Radiografía de la pelvis: Propósito, procedimiento y riesgos
Una radiografía de pelvis es una prueba de imagen que utiliza radiación para obtener una visión clara de los huesos de la pelvis, así como de estructuras próximas. Se emplea para detectar fracturas, dislocaciones, inflamación, cambios degenerativos y otras condiciones óseas, así como para planificar intervenciones quirúrgicas o seguimientos. A continuación se describe qué es la prueba, cómo funciona, cuándo se solicita, cómo prepararse, qué esperar, posibles riesgos y qué resultados esperar para el manejo clínico.

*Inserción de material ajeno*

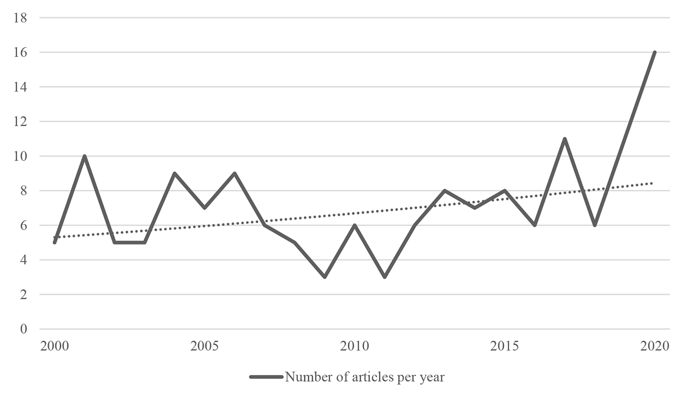 Articles included in the final review per year of publication, 2000–2020 (n = 154) (Source: own elaboration)
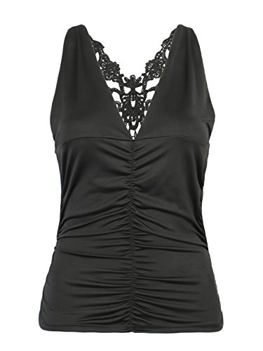 -. Binding : Apparel -. Brand : Choies -. Department : womens -. Feature : Asian ONESIZE=US 0-2 / 82%Polyester+18%Nylon / Elastic and fashionable for girls and ladies / Ultra sexy and hot cami top / We have registered Trademark "CHOiES" -. Model : CHOIES-VEST0720B581C -. ProductGroup : Apparel -. ProductTypeName : SHIRT -. Title : Choies Women's Black/White Deep V Neck Ruched Strappy Lace Back Camisoles Vest

Definición y alcance de la prueba
Qué es una radiografía de pelvis
Una radiografía de pelvis es una exploración radiográfica que genera imágenes de los huesos que componen la pelvis y estructuras cercanas. Los principales componentes óseos incluyen los huesos ilion (la parte superior y lateral de la pelvis), los huesos isquion y pubis (partes inferior y anterior de la pelvis), así como el sacro y el cóccix en la base de la columna. Estas imágenes permiten identificar alteraciones estructurales o patrones de lesiones que afectan esa región anatómica.
Qué son las radiografías
Las radiografías emplean una forma de radiación llamada ondas electromagnéticas para capturar una imagen de la anatomía interna. Tras la exposición, las diferentes estructuras del cuerpo absorben la radiación de modo distinto, lo que se traduce en una imagen en blanco y negro en una placa digital o en película. Los huesos, que contienen calcio, tienden a aparecer más claros (blancos) porque absorben más radiación; los tejidos blandos se verán en distintos tonos de gris, y el aire aparece negro. Cuando hay una fractura, suele observarse una línea o separación que interrumpe la continuidad del hueso.
Cuándo se solicita una radiografía de pelvis
Un médico puede pedir una radiografía de pelvis para investigar la causa de hinchazón, dolor o deformidad en la pelvis, las caderas o la extremidad proximal del muslo. Entre las condiciones que pueden evaluarse con esta prueba se incluyen:
- Fracturas de pelvis (fracturas pélvicas).
- Dislocación de la articulación de la cadera.
- Sacroilitis (inflamación en la unión entre el sacro y el ilion).
- Artritis, incluida osteoartritis severa y espondiloartrosis anquilosante.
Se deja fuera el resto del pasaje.